Audit letter makes it official

The official letter has been received informing Pauls Valley officials of something they already knew – a state agency is conducing an investigative audit of the city books.

It's called a letter of engagement as the Oklahoma State Auditor's Office formally alerted the city of PV to an audit that's been underway for some time now.

The letter was only recently received as the audit comes from a citizens petition drive in 2020 asking mostly for a closer look into the operations of Pauls Valley's hospital before and after it closed in 2018.

It's really more of a formality as auditors have at been collecting documents for months now.
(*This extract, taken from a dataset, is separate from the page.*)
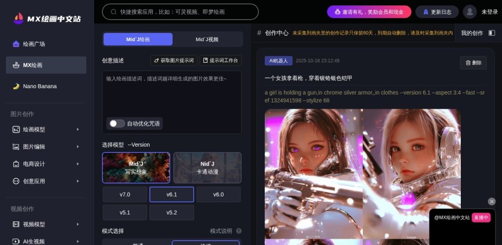 Midjourney中文站(MJCN)基于先进的人工智能技术,为用户提供一站式的绘画创作体验。从文本或语音指令到各种风格的艺术作品,MJCN展现了出色的创造力和理解力。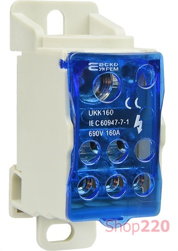 Вход: 1 отв. 10...70 мм кв; выход 1 отв. 6...16 мм кв, 6 отв. 2,5...16 мм кв. Напряжение изоляции 690 В~. Степень защиты IP20.

James Frizell, who retired as the local city manager just days ago, says city staff have continued working with auditors to get them whatever information is needed for the audit.

“We have done everything we can to get them the documents they need. We're not trying to hide anything,” Frizell said.

Frizell, who retired after serving 20 years as PV's city manager, is quick to stress audits are a regular part of the job when it comes to the operation of a municipality.

“This is nothing new to us. We're used to audits,” he said, adding the city of Pauls Valley has a couple of audits every year – one an independent audit and another more in-house.

“It's also not the first time we've been audited by the state auditor.”

That, Frizell says, is because of PV's special ambulance district after the hospital closed more than three years ago.

In the letter signed by Oklahoma State Auditor and Inspector Cindy Byrd there's a reminder the cost of the audit for the city of PV will likely range from $40,000 to $80,000.

“The objectives of our audit will include the concerns submitted by the electors of the city of Pauls Valley,” states one portion of the letter.

“At the conclusion of our engagement we will discuss our findings with management and issue an audit report.”

Frizell said no special arrangements have been made, but paying for the audit got a boost from a good year for the city.

“No but we're doing OK. We've had a good year,” he said about a 12 percent increase in local sales tax revenue in 2021.

At this point there's no indication of a timeline for the completion of the audit.

The audit is the result of a petition drive in September and October 2020, the second one that year, as more than 300 signatures were collected.

The petition that passed contained a total of eight specific items for auditors to investigate for the years 2015 to 2020.

1. Determine if financing arrangements, including a $500,000 loan made to Southern Plains, have been properly managed.

2. Determine if sales tax revenue has been used according to its designated purposes.

3. Evaluate the recall petition process and related communications and results.

4. Review contracts, lease agreements and bid processes of the hospital facility and the ambulance service.

5. Determine if the city has failed to pay wages and related benefits to former hospital employees.

6. Review the city’s management/relationship with nursing home facilities across the state of Oklahoma.

7. Review possible violations of the Open Meeting Act and Open Records Act.

8. Review payments to selected personnel.